- _What this task involves_
The material below should be copied line for line, please, with pictures omitted.

----

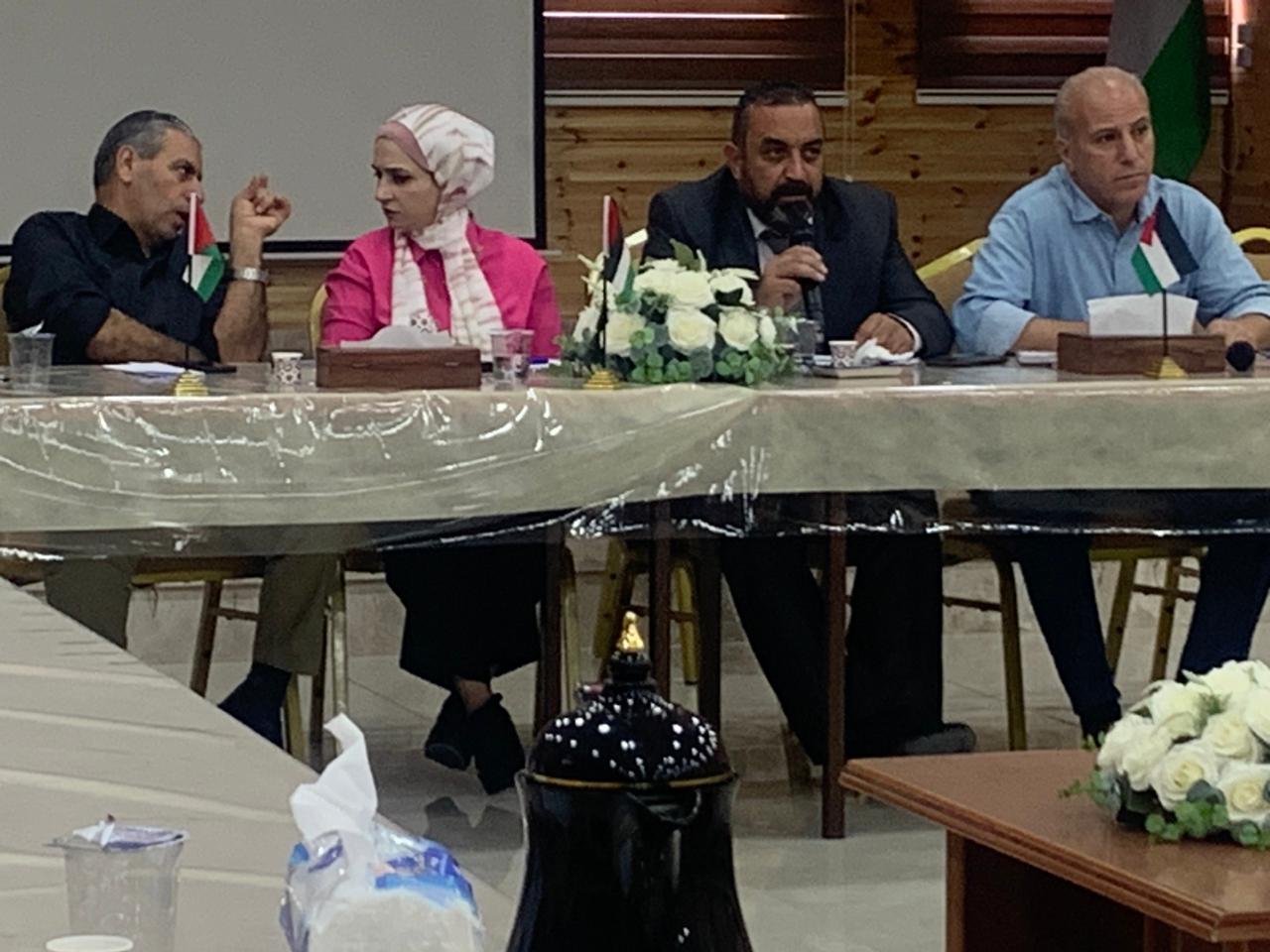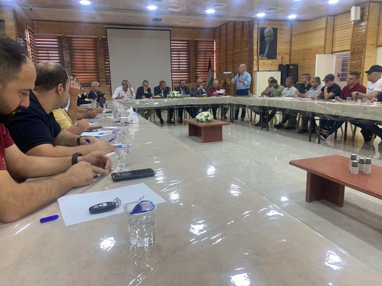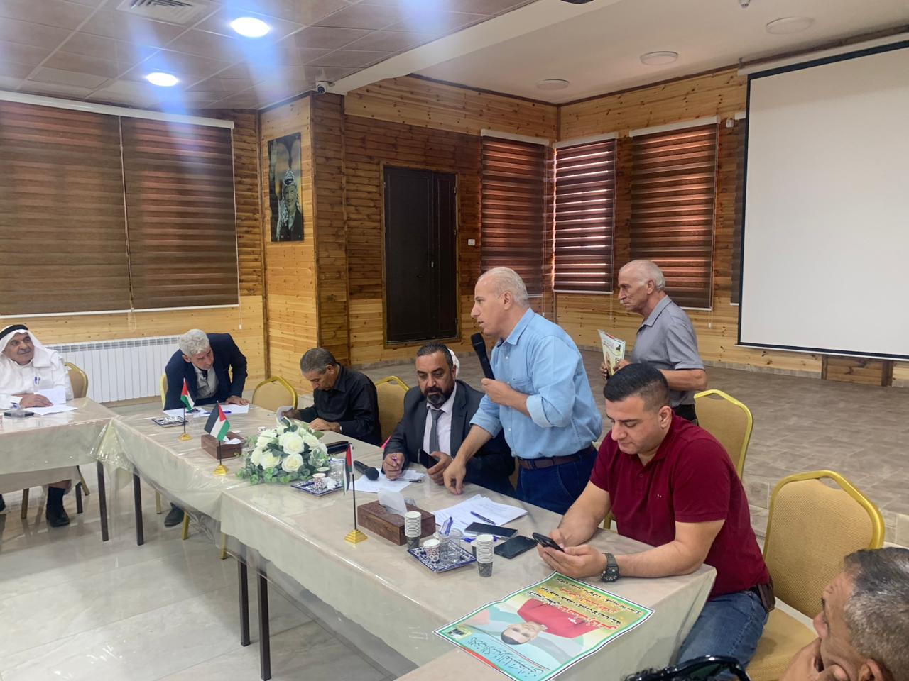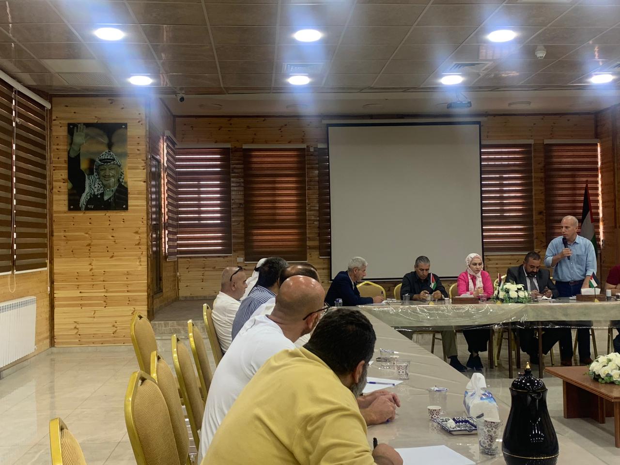 وأدار الاجتماع صفاء أبو سنينة المدير العام في الإدارة العامة في المحافظة وقيس دعنا مدير الدائرة السياسية في المحافظة وشارك العشرات من ممثلي الفعاليات والمؤسسات الرسمية والشعبية ومنسق القوى الوطنية في المحافظة وكوادر من الاسرى المحررين ولجان أهالي الاسرى وذوي الاسرى إضافة الى هيئة التوجيه السياسي والوطني ومديرية التربية والتعليم والحملة الوطنية لاسترداد جثامين الشهداء وممثلي أقاليم حركة فتح وهيئة مقاومة الجدار والاستيطان ...
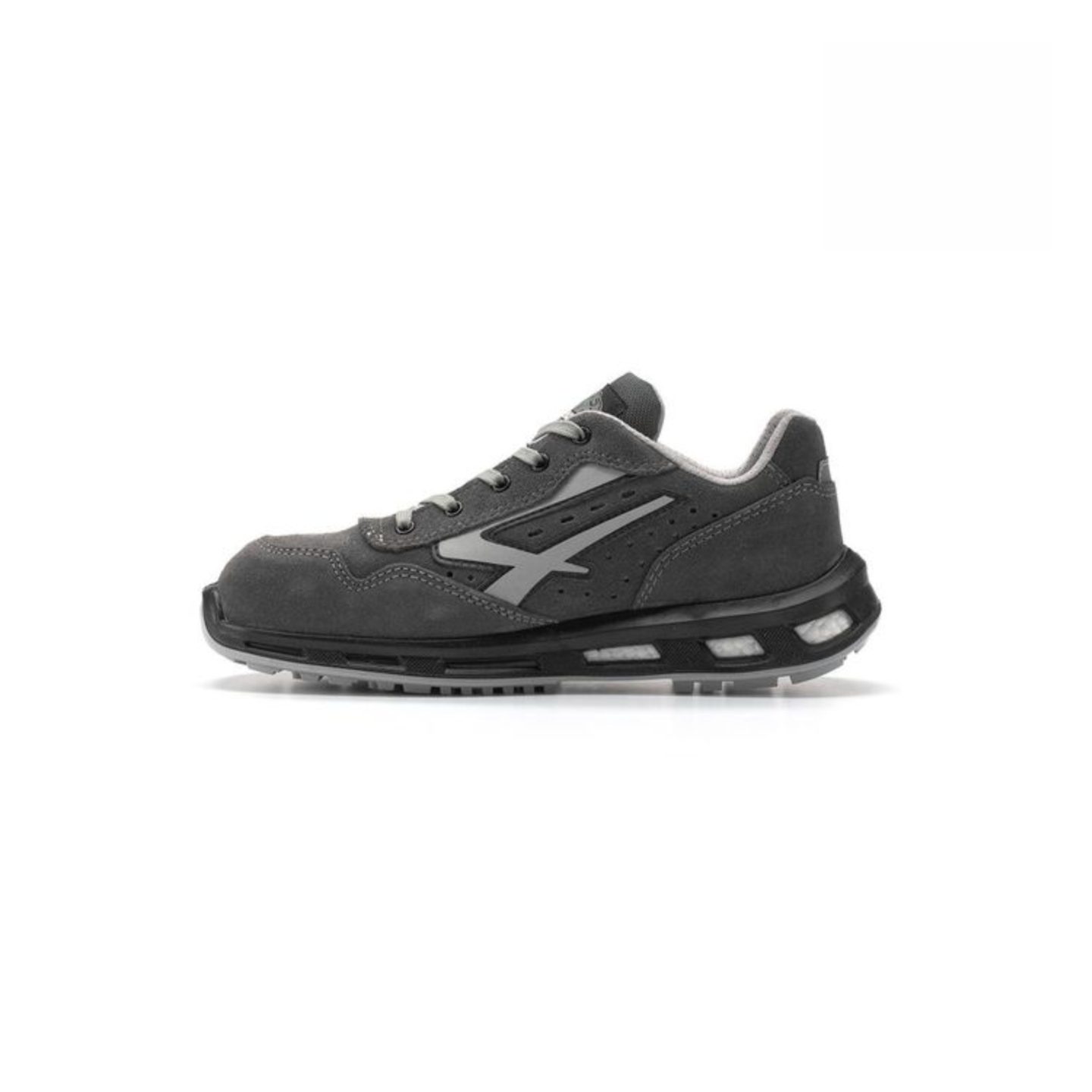 La arquitectura superior de estas deportivas de seguridad U-Power Red Lion emplea piel afelpada perforada. A diferencia de los materiales sintéticos cerrados, la gamuza natural con microperforaciones permite un flujo de aire constante. Al combinarse con el forro WingTex®, el zapato extrae el vapor de sudor hacia el exterior mediante microtúneles de ventilación, manteniendo el pie seco y evitando la proliferación de hongos o bacterias por condensación térmica.
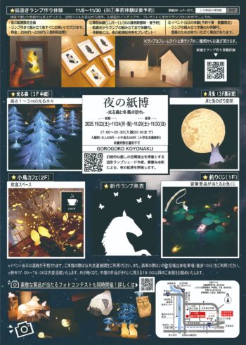 ◎紙漉きランプ作り体験のご予約は11月1日(土)より承ります。詳細はこちら
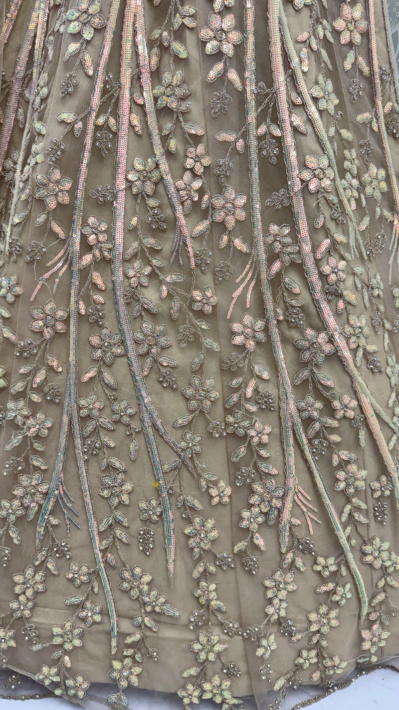 Golden Pure Soft Net Heavy Embroidery Work Bridal Lehenga
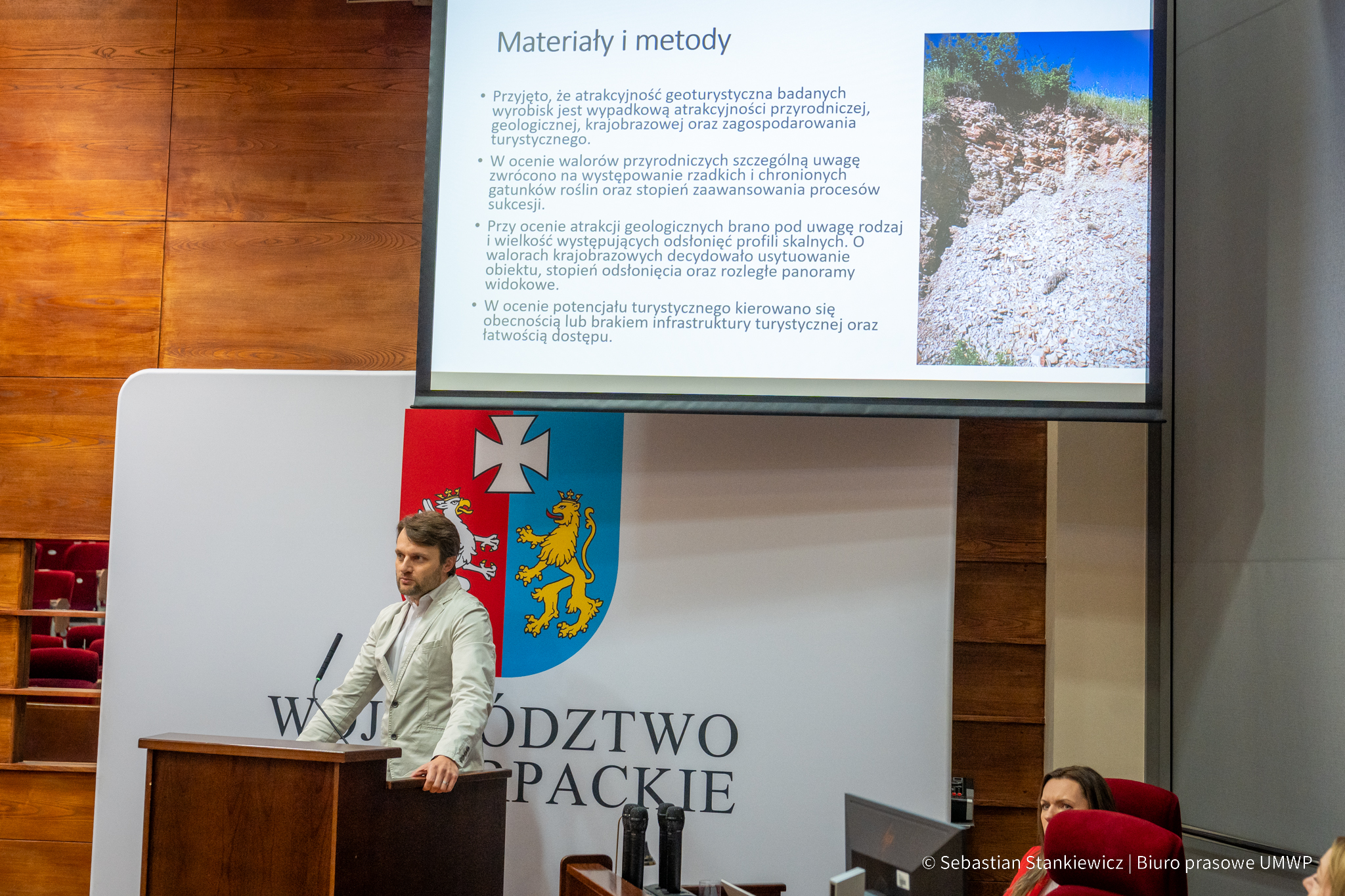 Wystąpienia miały na celu pokazanie, jak unikatowe elementy przyrody nieożywionej – takie jak stanowiska paleontologiczne czy nieczynne kamieniołomy – mogą stać się podstawą ciekawych i nowoczesnych produktów turystycznych regionu. Zwrócono również uwagę na praktyczne metody oceny walorów krajobrazowych tras, które mogą wspierać planowanie zrównoważonej turystyki na Podkarpaciu.

----

- _Solution below_
 وأدار الاجتماع صفاء أبو سنينة المدير العام في الإدارة العامة في المحافظة وقيس دعنا مدير الدائرة السياسية في المحافظة وشارك العشرات من ممثلي الفعاليات والمؤسسات الرسمية والشعبية ومنسق القوى الوطنية في المحافظة وكوادر من الاسرى المحررين ولجان أهالي الاسرى وذوي الاسرى إضافة الى هيئة التوجيه السياسي والوطني ومديرية التربية والتعليم والحملة الوطنية لاسترداد جثامين الشهداء وممثلي أقاليم حركة فتح وهيئة مقاومة الجدار والاستيطان ...
 La arquitectura superior de estas deportivas de seguridad U-Power Red Lion emplea piel afelpada perforada. A diferencia de los materiales sintéticos cerrados, la gamuza natural con microperforaciones permite un flujo de aire constante. Al combinarse con el forro WingTex®, el zapato extrae el vapor de sudor hacia el exterior mediante microtúneles de ventilación, manteniendo el pie seco y evitando la proliferación de hongos o bacterias por condensación térmica.
 ◎紙漉きランプ作り体験のご予約は11月1日(土)より承ります。詳細はこちら
 Golden Pure Soft Net Heavy Embroidery Work Bridal Lehenga
 Wystąpienia miały na celu pokazanie, jak unikatowe elementy przyrody nieożywionej – takie jak stanowiska paleontologiczne czy nieczynne kamieniołomy – mogą stać się podstawą ciekawych i nowoczesnych produktów turystycznych regionu. Zwrócono również uwagę na praktyczne metody oceny walorów krajobrazowych tras, które mogą wspierać planowanie zrównoważonej turystyki na Podkarpaciu.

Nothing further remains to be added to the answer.